As such, a liquidated damages provision will be upheld “if the amount liquidated bears a reasonable proportion to the probable loss and the amount of actual loss is incapable or difficult of precise estimation․ If, however, the amount fixed is plainly or grossly disproportionate to the probable loss, the provision calls for a penalty and will not be enforced.” Kingsbridge Med. Ctr., P.C. v. Hill, 357 F.Supp.2d 754, 758 (S.D.N.Y.2005) (citing Truck Rent–A–Center, Inc. v. Puritan Farms 2nd, Inc., 41 N.Y.2d 420, 393 N.Y.S.2d 365, 361 N.E.2d 1015 (1977)).

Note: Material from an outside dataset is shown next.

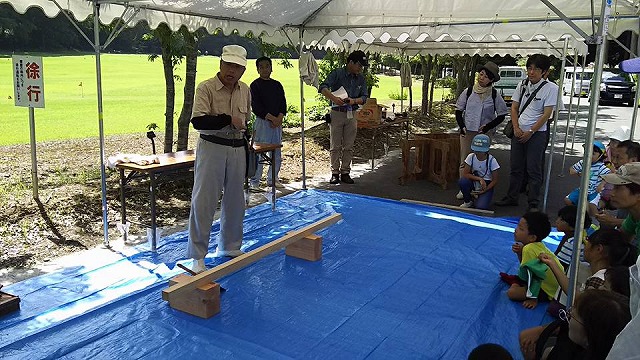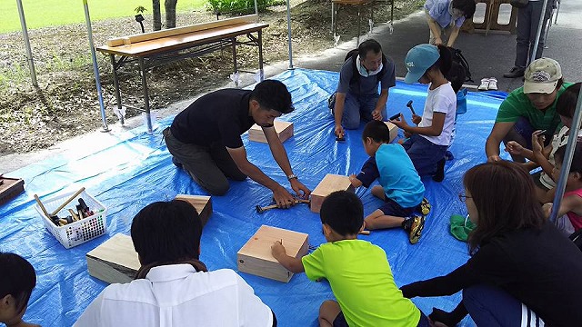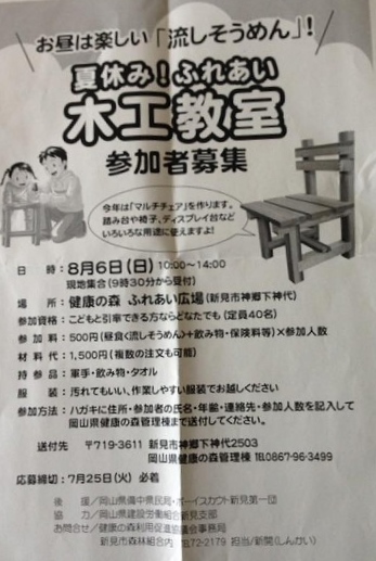 10時から「健康の森ふれあい広場」で開催された『第2回親子ふれあい木工教室』に出席しました。先生は、岡山県建設労働組合新見支部の皆様です。関係の皆様、親子で木に親しむ企画を作って頂きありがとうございます。また、開会行事で一言ご挨拶の機会を頂きました。ありがとうございました。

In order to challenge a liquidated damages provision, a party “must demonstrate either that damages flowing from a prospective [breach] were readily ascertainable at the time [the parties] entered into their [contract], or that the [liquidated damages are] conspicuously disproportionate to these foreseeable losses.” JMD Holding, 4 N.Y.3d at 380, 795 N.Y.S.2d 502, 828 N.E.2d 604. “The burden is firmly on the party challenging the provision to provide that justification by demonstrating that the stipulated damages are, in fact, an unconscionable penalty.” GFI Brokers, LLC v. Santana, 2009 WL 2482130, Nos. 06 Civ. 3988(GEL), 06 Civ. 4611(GEL), at *2 (Aug. 13 2009 S.D.N.Y.). “[W]here there is doubt as to whether a provision constitutes an unenforceable penalty or a proper liquidated damage clause, it should be resolved in favor of a construction which holds the provision to be a penalty.” Willner v. Willner, 145 A.D.2d 236, 538 N.Y.S.2d 599, 602 (2d Dep't 1989).

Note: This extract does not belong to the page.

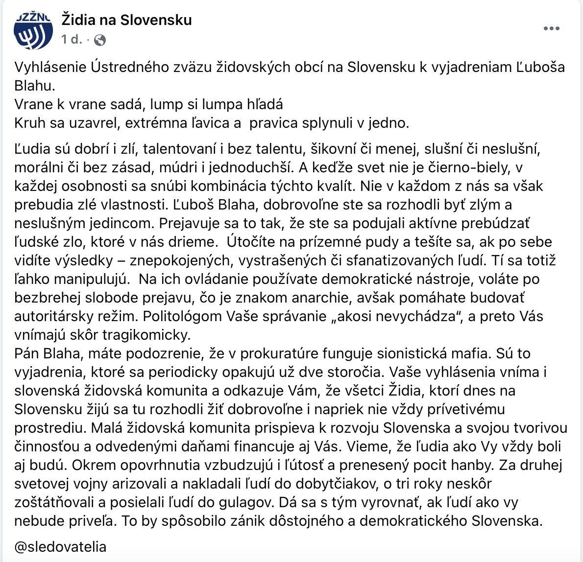 „Vieme, že ľudia ako vy vždy boli aj budú. Okrem opovrhnutia vzbudzujú i ľútosť a prenesený pocit hanby. Za druhej svetovej vojny arizovali a nakladali ľudí do dobytčiakov, o tri roky neskôr zoštátňovali a posielali ľudí do gulagov. Dá sa s tým vyrovnať, ak ľudí ako vy nebude priveľa. To by spôsobilo zánik dôstojného a demokratického Slovenska,“ uviedol Ústredný zväz židovských náboženských obcí v SR s dodatkom, že malá židovská komunita prispieva k rozvoju Slovenska a svojou tvorivou činnosťou a odvedenými daňami financuje aj Blahu.

When evaluating a liquidated damages provision, a court must also give due consideration to “whether the parties were sophisticated and represented by counsel, the contract was negotiated at arms-length between parties of equal bargaining power, and ․ that [the provision] was freely contracted to.” The Edward Andrews Group, Inc. v. Addressing Servs. Co., Inc., No. 04 Civ. 6731(LTS)(AJP), 2005 WL 3215190, at *6 n. 3 (S.D.N.Y. Nov. 30, 2005) (internal quotation marks and citations omitted).

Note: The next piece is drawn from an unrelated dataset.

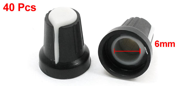 Product Name Potentiometer Control Knob Knob Top Diameter 10mm / 0.39" Knob Base Diameter 14mm /0.56" Shaft Insert Diameter 6mm / 15/64" Knob Total Height 17mm / 0.67" Material Plastic, Metal Main Color Black, White Weight 40g Package Included 40 x Potentiometer Control Knob - Reviews

In the case sub judice, the trial court's judgment does not contain findings sufficient to support a determination either that the earnest money deposit is an allowable award of liquidated damages or that it is not allowable as a penalty. It does not appear that the trial court considered any of the required factors in making its determination. Therefore, I would reverse and remand the case for the trial court to make such findings and conclusions.